Use of the GGPLOT2 package requires that the package be loaded. Entering

  p_load(ggplot2)

accomplishes this. The structure of ggplot is quite different from standard R and lattice graphics. To generate a boxplot of metabolic rate that allows a comparison by sex one enters the following commands.

  bw = ggplot(bps5.4.9,aes(sex,rate))
  bw = bw + ylab("Metabolic Rate (calories)") + xlab("Sex")
  bw = bw + geom_boxplot() + coord_flip()
  bw

A histogram of metabolic rate is made by entering the following code.

  plt = ggplot(bps5.4.9, aes(x=rate))
  plt = plt + xlab("Metabolic Rate  (calories)") 
  plt = plt + geom_histogram(binwidth=200)
  plt

The sentax for a bar chart is similar to that of a histogram. The figure below shows a bar chart of the sex variable from the BPS Problem 4.9 data.

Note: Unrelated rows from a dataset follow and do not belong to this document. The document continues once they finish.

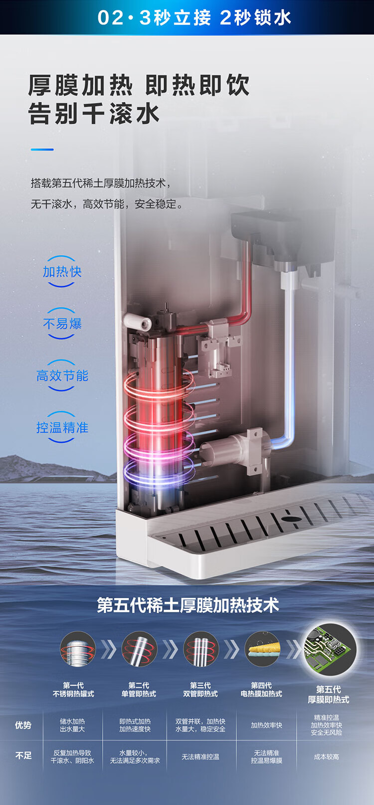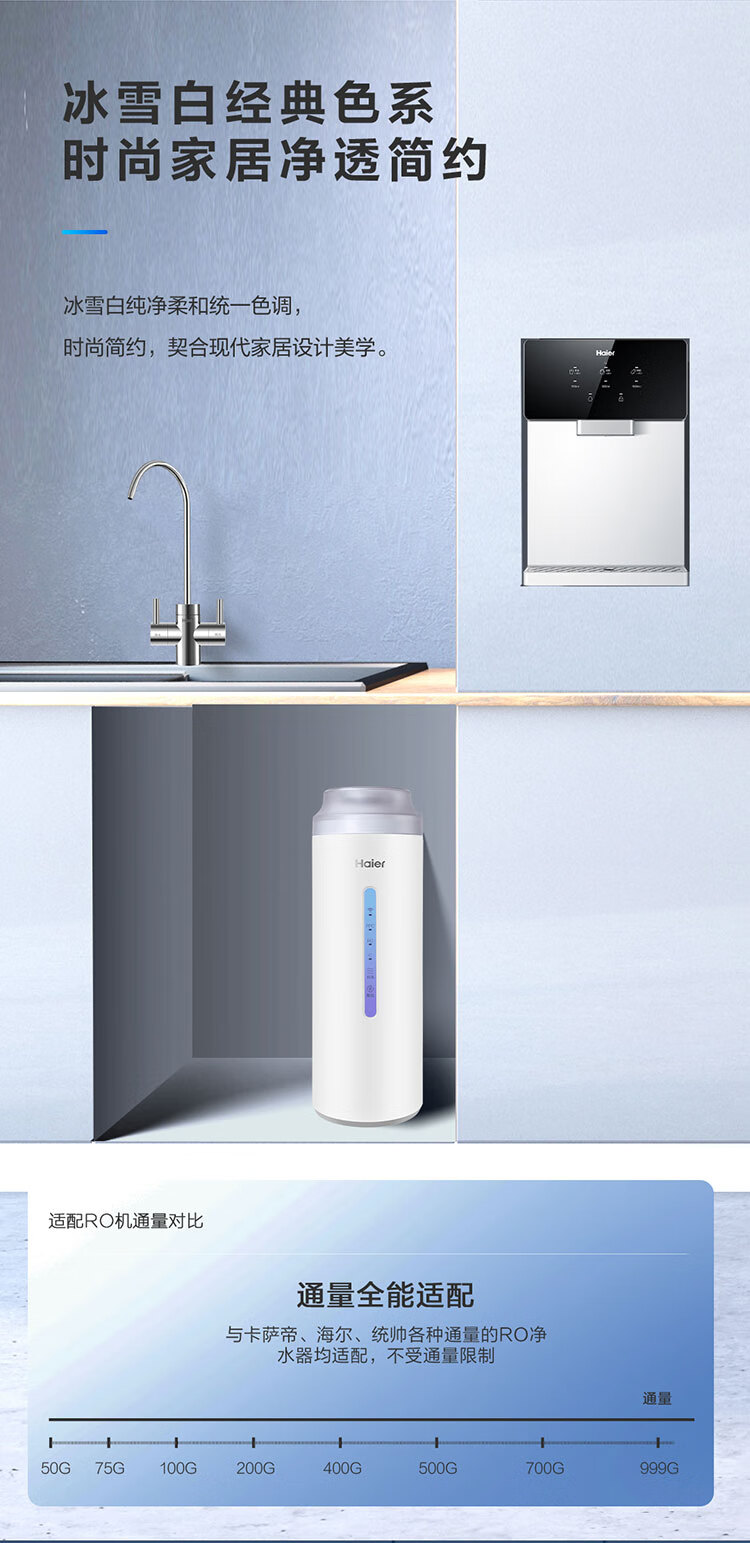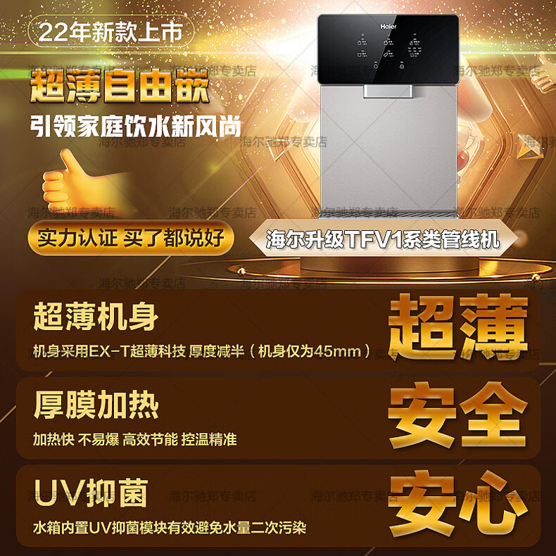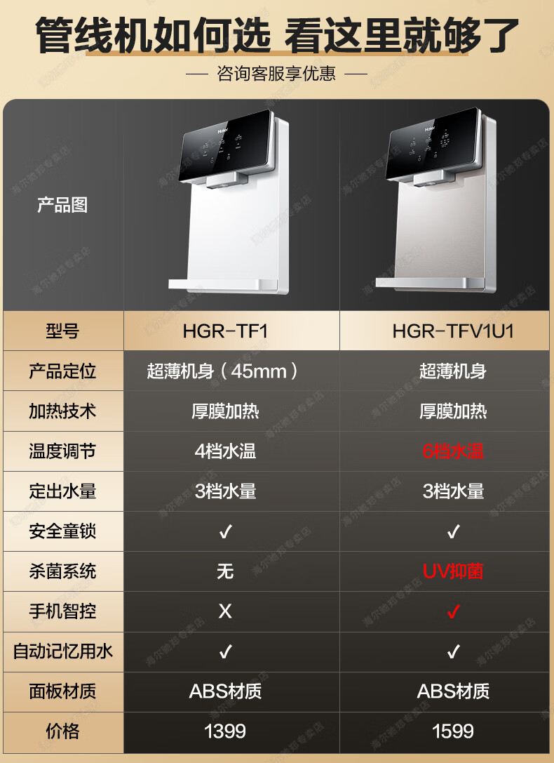 【万人空巷】海尔(Haier) 家用净水器伴侣管线机壁挂式速热饮水机 即热即饮多档调温直饮机HGR-TFV1U1 矿石银6档调温_手机智控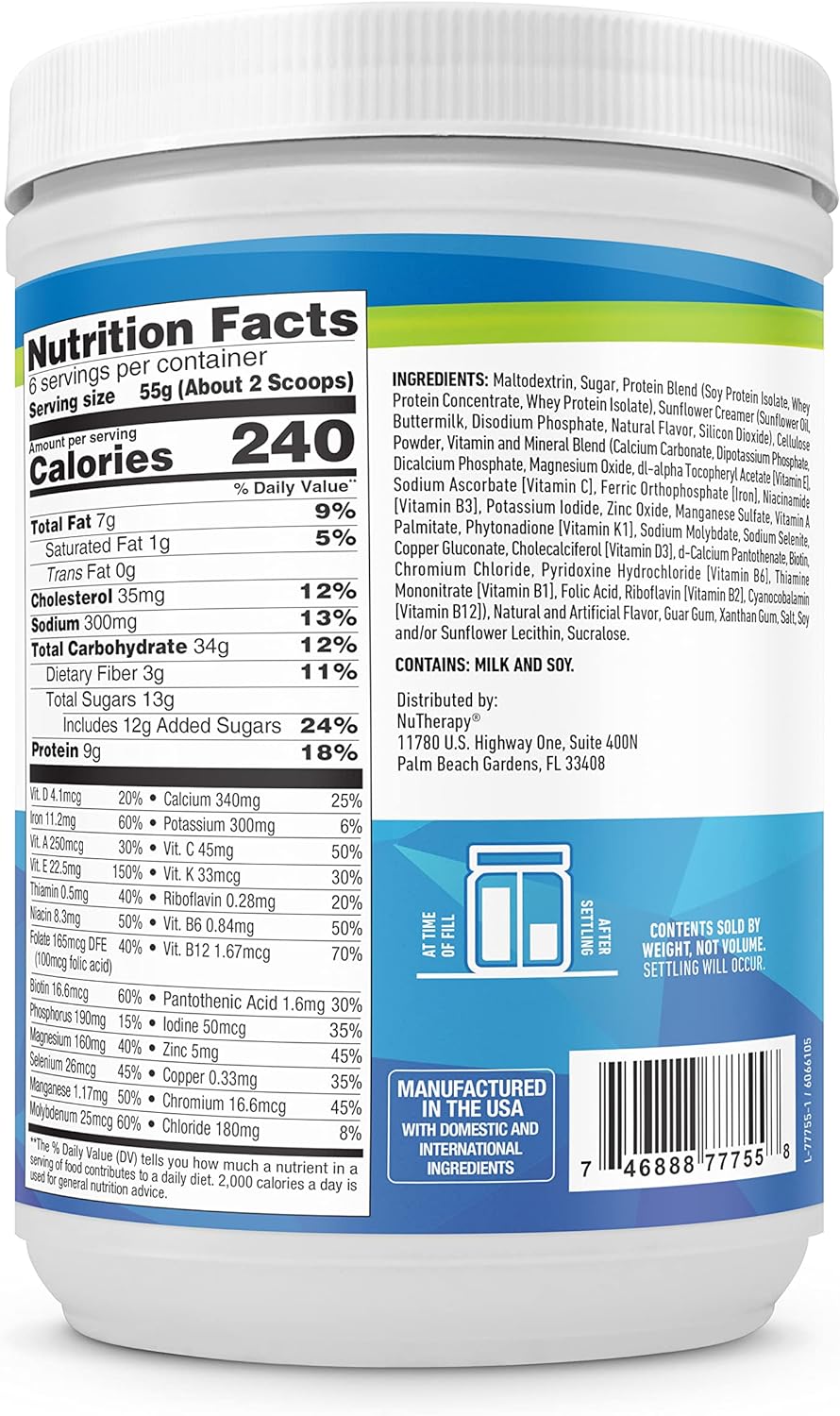 Supports immune, muscle, and bone health240 nutritious calories, 3g of fiber, and 9g of quality protein23 essential vitamins and minerals, including antioxidantsHelps convert the food you eat into cellular energyDelicious Creamy Vanilla flavorNuTherapy nutritional protein powder provides nutrition for active adults, made easy and delicious! Each serving of NuTherapy® nutritional protein powder is an excellent source of 23 essential vitamins and minerals and helps fill nutrient gaps. Plus, this nutritious protein powder helps to support a healthy immune system, bone health, and cellular energy metabolism. Shake up this NuTherapy® nutritional protein powder with cold water or blend into a tasty smoothie to enjoy the rich and creamy Vanilla flavor
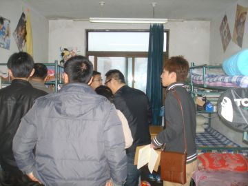 2012年3月20日傍晚,环境与资源公司党总支书记李笑春、团总支书记吕昌伟、团总支副书记王治轶,以及于景丽、王维、刘崎峰、许继飞等老师带领部分员工干部来到本区员工公寓,对公司2010级、2011级各班员工的宿舍进行视察,重点检查了公司员工宿舍的安全和卫生情况。宿舍情况总体良好。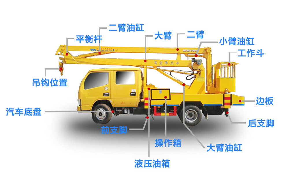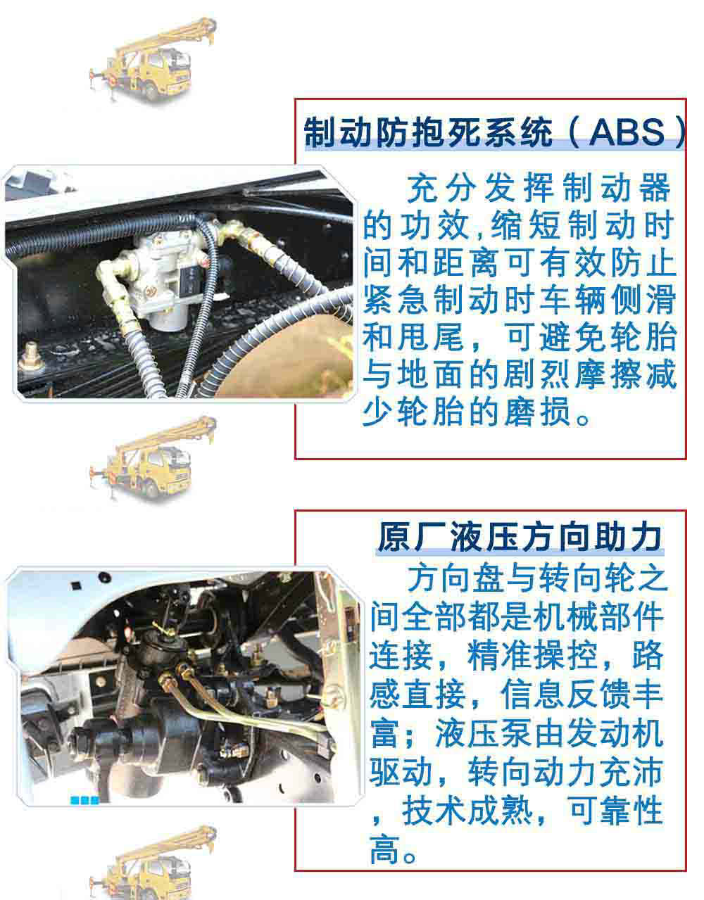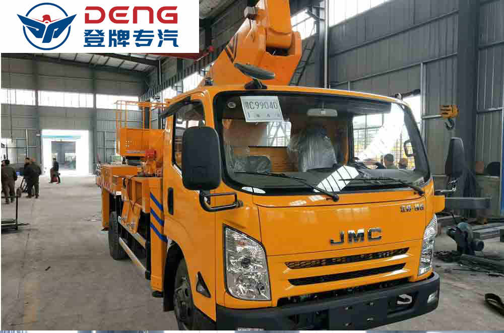 江鈴(新款)雙排工程黃駕駛室,軸距3360mm,江鈴115馬力國五發(fā)動機,油剎,五檔變速箱,7.00R16鋼絲胎,帶ABS.加裝空調(diào)。作業(yè)高度14米,液壓360度全回轉(zhuǎn),三節(jié)折疊臂,1噸可伸縮式吊鉤。單液壓舉升缸,帶雙向平衡閥,電控操作舉升臂,四支液壓油缸可調(diào)式支腿帶雙向液壓鎖(支腿操作為手動操作,可單獨控制)、最大作業(yè)幅度6.2米、最大起吊高度7.5米。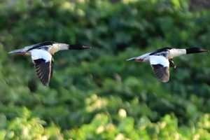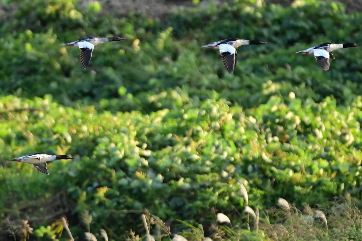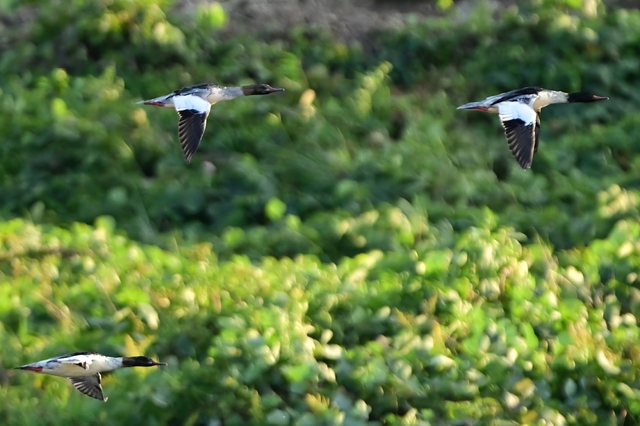 対岸を上流に向かって飛ぶ、カワアイサの群れ。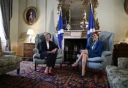 On 18 November 2014, Salmond formally resigned as First Minister of Scotland and the election for the new first minister took place the following day.[18] Sturgeon and Ruth Davidson, the leader of the Scottish Conservatives, stood for election. Sturgeon received 66 votes, Davidson received 15 and there were 39 abstentions. As mentioned above, the SNP's absolute majority made Sturgeon's election all but certain.[19] Although, Salmond did not officially tender his resignation as First Minister until 18 November 2014, Sturgeon was not sworn in until two days later. From 18 November until her officially appointment on 20 November, she served as the acting First Minister, essentially the First Minister-elect.[20]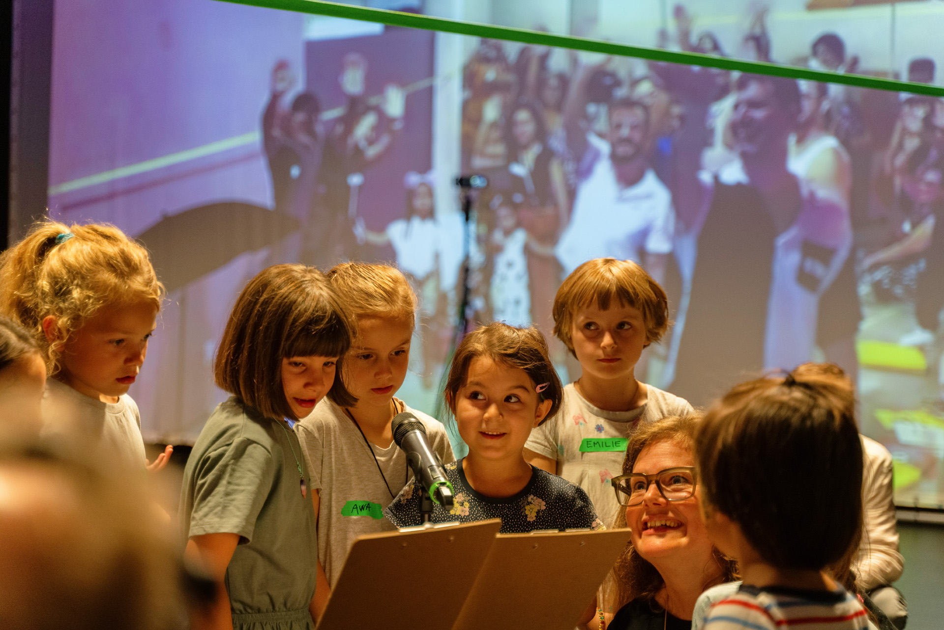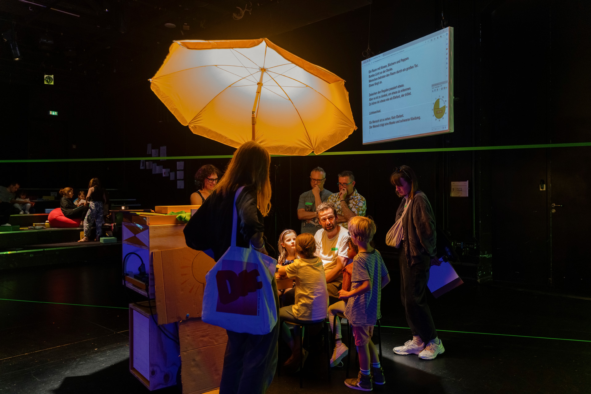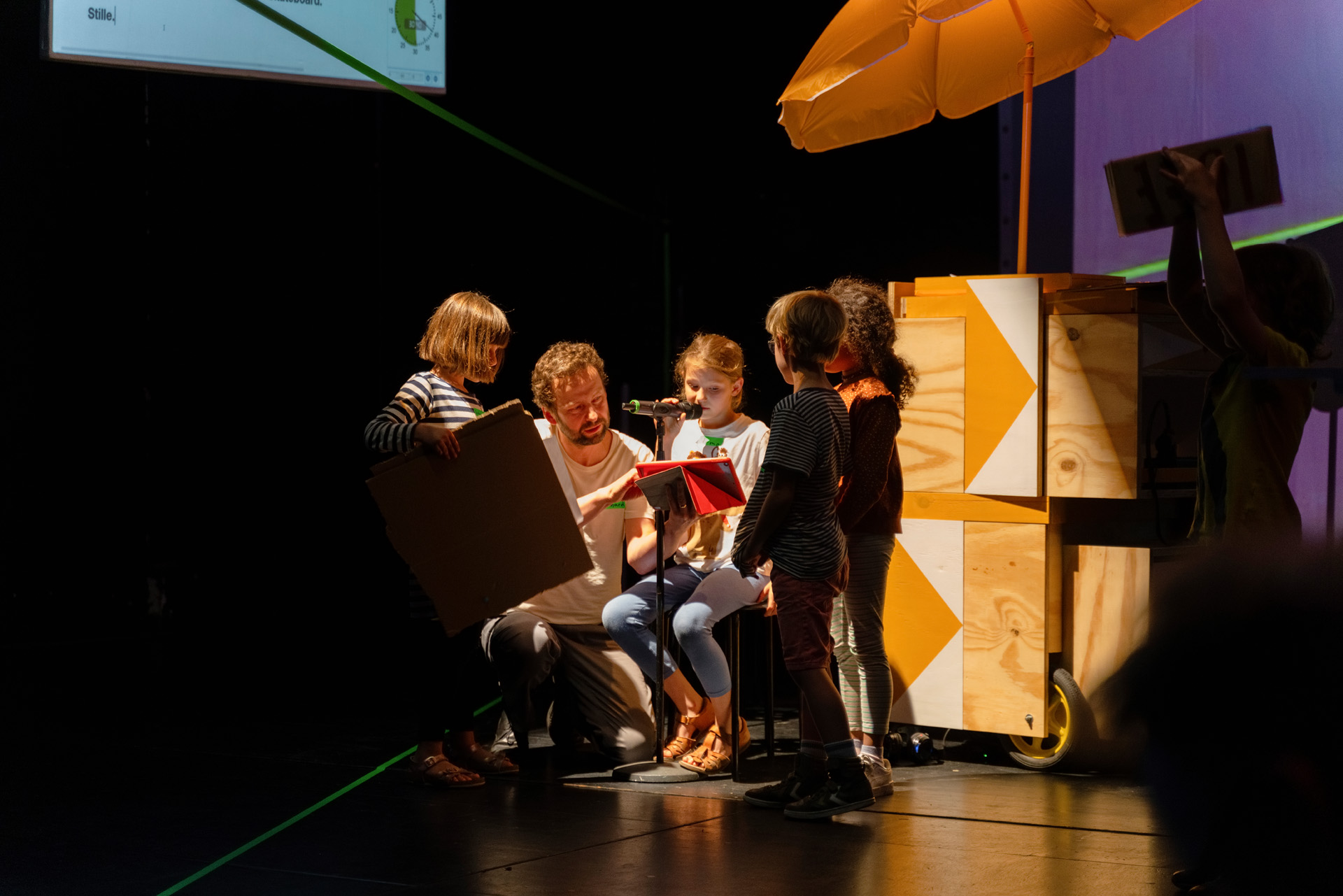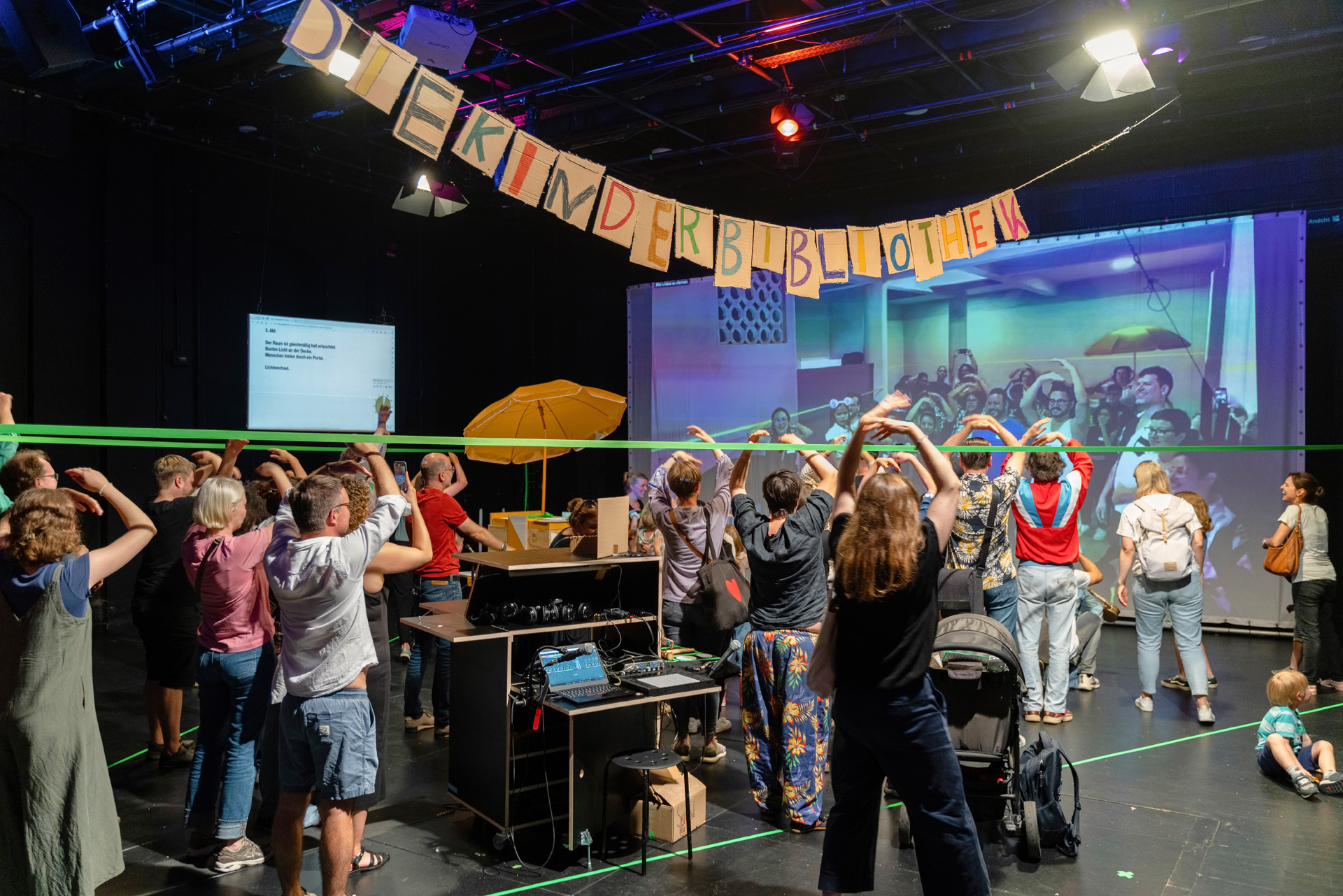 Beteiligte Kinder realisieren mit einer eigens für das Projekt erfundenen Technik kollaborativen Schreibens Skript, Bühne, Raum und Musik der Performance selbst. Live on stage, mit wechselnden Gäst:innen und dem Publikum.
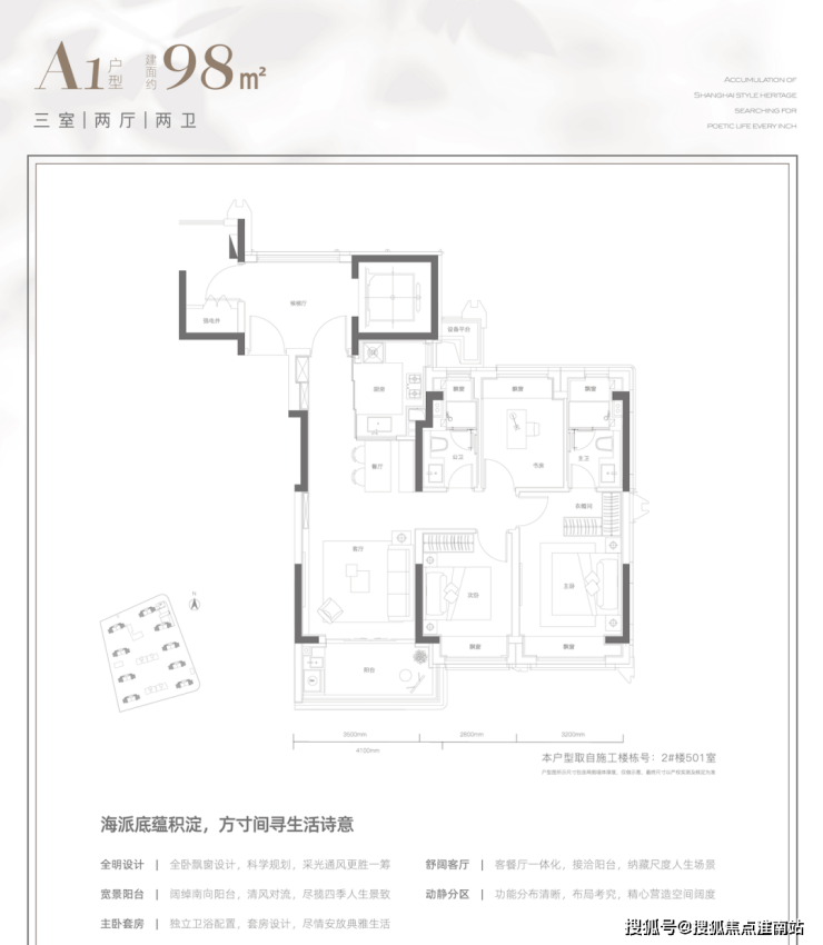 官方户型图如下:约98㎡3房2卫,非常标准的微改善户型。

  plt = ggplot(bps5.4.9, aes(x=sex))
  plt = plt + geom_bar()
  plt = plt + xlab("Sex") 
  plt

GGPLOT2 also provides scatterplots that can be enhanced with things like LOESS smooths

  plt = ggplot(bps5.4.9, aes(mass, rate, shape=sex, linetype=sex))
  plt = plt + xlab("Mass (kilograms)") + ylab("Metabolic Rate (calories)")
  plt = plt + geom_point(size=3) + geom_smooth(method="loess", span=0.8, colour="black", lwd=0.25)  
  plt
## `geom_smooth()` using formula 'y ~ x'

As with the lattice package, it is possible to create separate plots for each of the sexes by using

  plt = ggplot(bps5.4.9, aes(mass, rate)) + facet_grid(sex~.)
  plt = plt + xlab("Mass (kilograms)") + ylab("Metabolic Rate (calories)")
  plt = plt + geom_point(size=3) + geom_smooth(method="loess", span=0.8, colour="blue") 
  plt
## `geom_smooth()` using formula 'y ~ x'